Once the pictures are set aside, print the records that follow exactly as written.

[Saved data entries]

=======

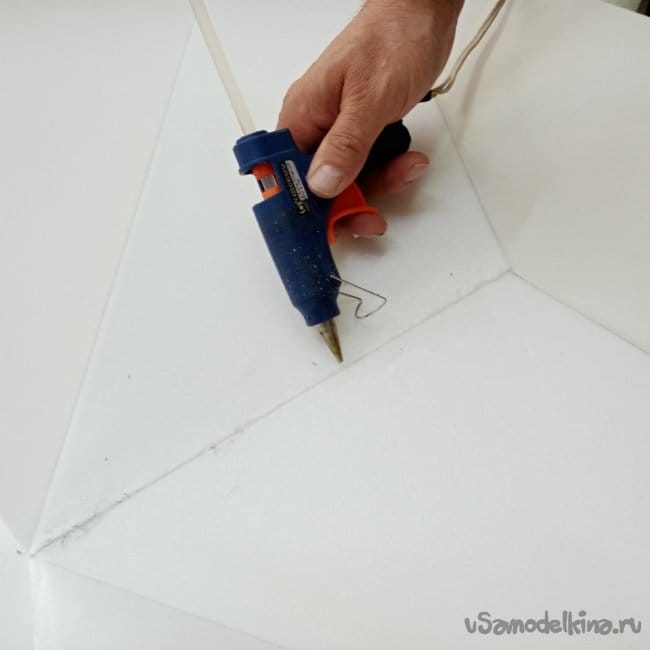 В наличии термопистолет на 12 вольт, для понижения температуры плавления клея, запитал его десятью вольтами. Побоялся расплавить потолочку.
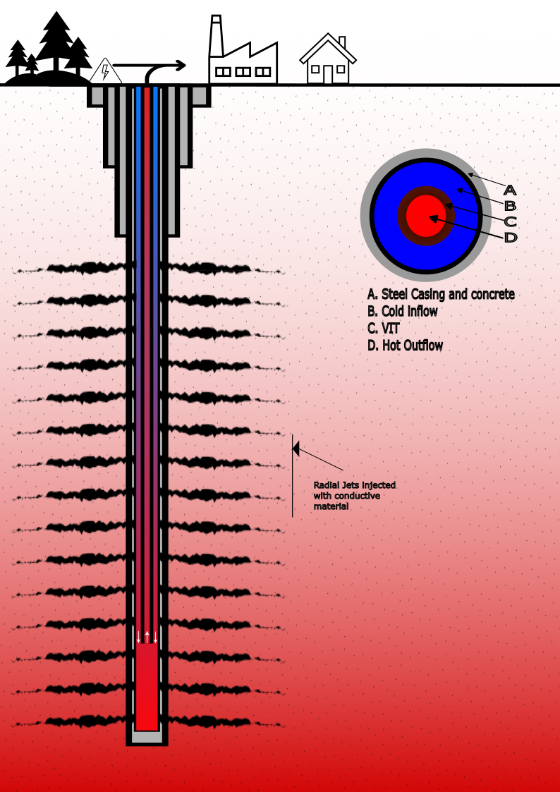 We plan to use radial jet technology that creates channels that branch from the main well, which will be filled with highly conductive materials such as graphite based composites or similar. These adaptations aim to facilitate more effective heat conduction from surrounding rocks and enable optimal heat transport. The positioning and length of the lateral channels are customizable to suit the specific geological conditions of each site. This ensures that the system can maximize heat extraction and be versatile, functioning efficiently across a variety of geological environments.
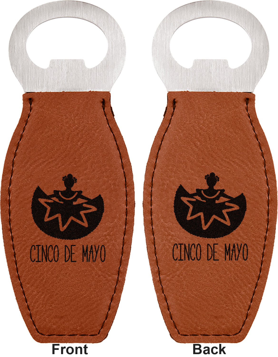 Built from stainless steel, these custom bottle openers are wrapped in a cognac-colored leatherette. Sharp, black stitching lines the edges for extra durability and a finished touch. Your personalization is laser-engraved onto the surface of this leatherette, leaving behind a crisp, black coloration. At 4.6 by 1.8 inches, this beer bottle opener gives you much of leverage when trying to open a stubborn bottle. On the opposite end of the opener, you'll find a magnet that you can use to display your new, unique bottle opener!
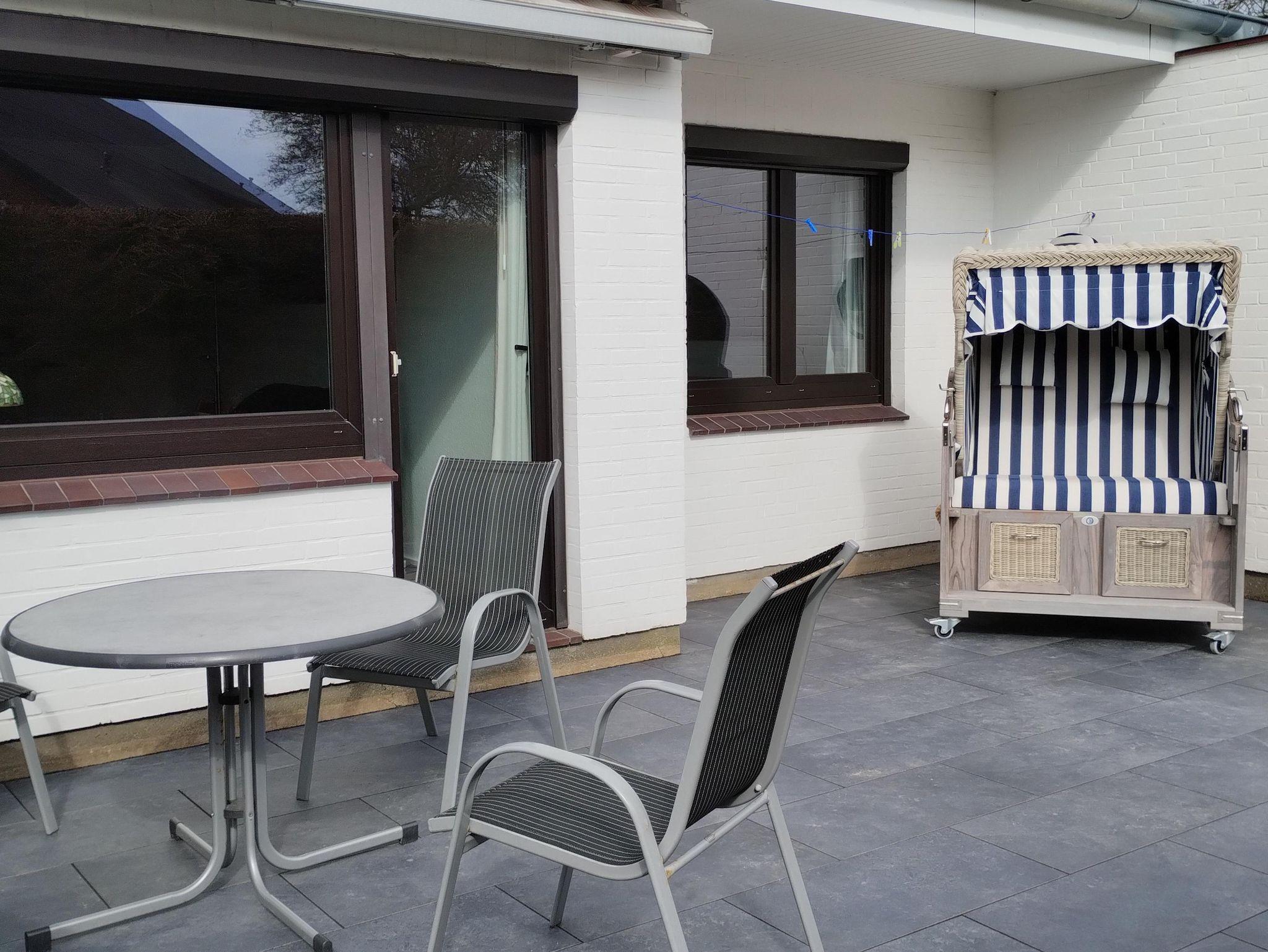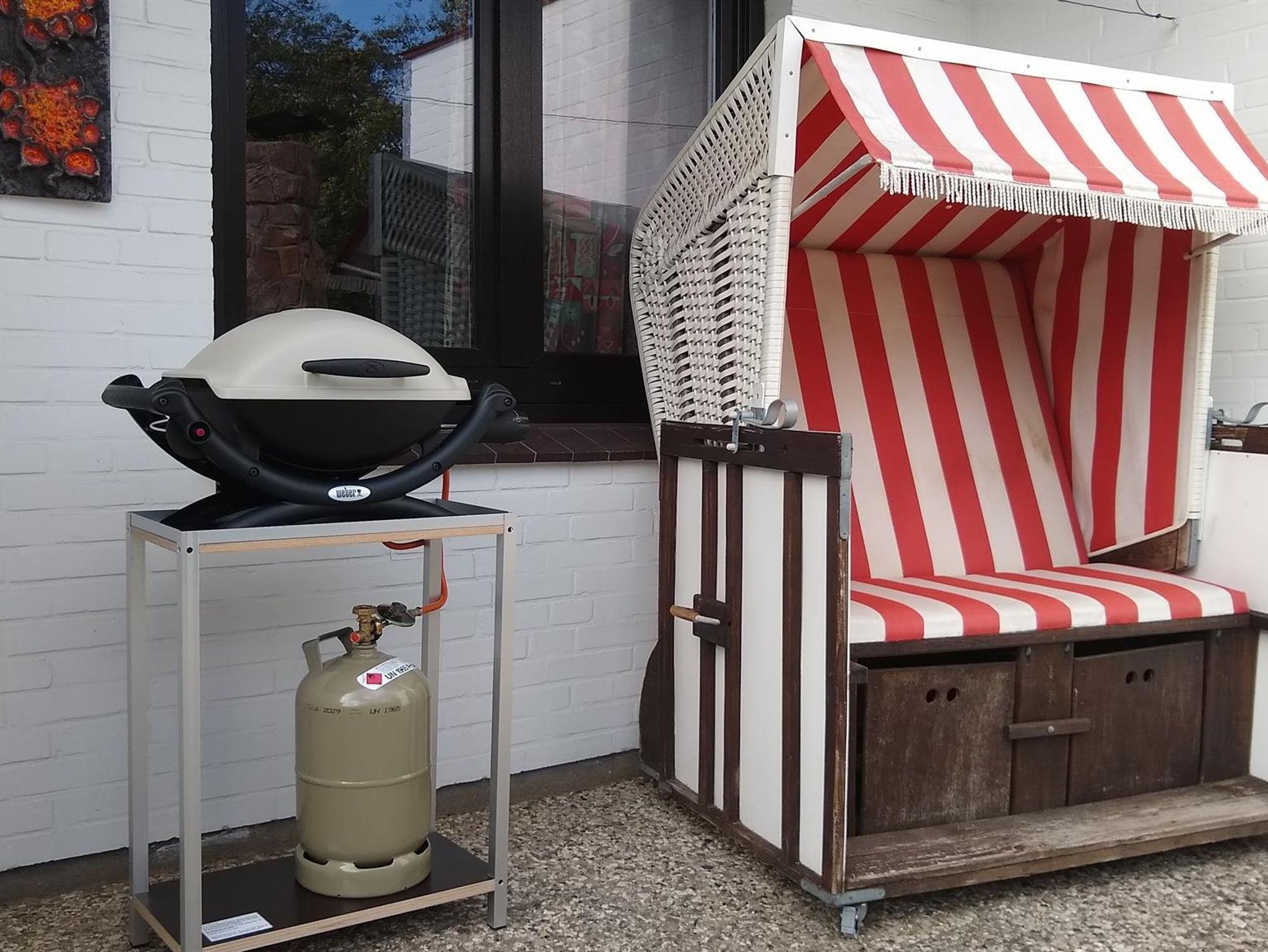 Zum Relaxen lädt eine große Terrasse in Südostausrichtung ein, mit Markise, Strandkorb und Gartenkamin. Es sind Sonnenliegen vorhanden und auf dem Weber-Gasgrill können Sie genüsslich Steaks und andere Köstlichkeiten zubereiten.
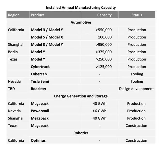 从财报公布的工厂产能来看,目前加州和上海两个储能工厂满产可以贡献 80GWh 的年产能。这也意味着在当下 AI 需求依旧强劲的情况下,特斯拉的能源业务在 2026 年大概率还可以继续延续高速的增长。

=======

SOLUTION:
 В наличии термопистолет на 12 вольт, для понижения температуры плавления клея, запитал его десятью вольтами. Побоялся расплавить потолочку.
 We plan to use radial jet technology that creates channels that branch from the main well, which will be filled with highly conductive materials such as graphite based composites or similar. These adaptations aim to facilitate more effective heat conduction from surrounding rocks and enable optimal heat transport. The positioning and length of the lateral channels are customizable to suit the specific geological conditions of each site. This ensures that the system can maximize heat extraction and be versatile, functioning efficiently across a variety of geological environments.
 Built from stainless steel, these custom bottle openers are wrapped in a cognac-colored leatherette. Sharp, black stitching lines the edges for extra durability and a finished touch. Your personalization is laser-engraved onto the surface of this leatherette, leaving behind a crisp, black coloration. At 4.6 by 1.8 inches, this beer bottle opener gives you much of leverage when trying to open a stubborn bottle. On the opposite end of the opener, you'll find a magnet that you can use to display your new, unique bottle opener!
 Zum Relaxen lädt eine große Terrasse in Südostausrichtung ein, mit Markise, Strandkorb und Gartenkamin. Es sind Sonnenliegen vorhanden und auf dem Weber-Gasgrill können Sie genüsslich Steaks und andere Köstlichkeiten zubereiten.
 从财报公布的工厂产能来看,目前加州和上海两个储能工厂满产可以贡献 80GWh 的年产能。这也意味着在当下 AI 需求依旧强劲的情况下,特斯拉的能源业务在 2026 年大概率还可以继续延续高速的增长。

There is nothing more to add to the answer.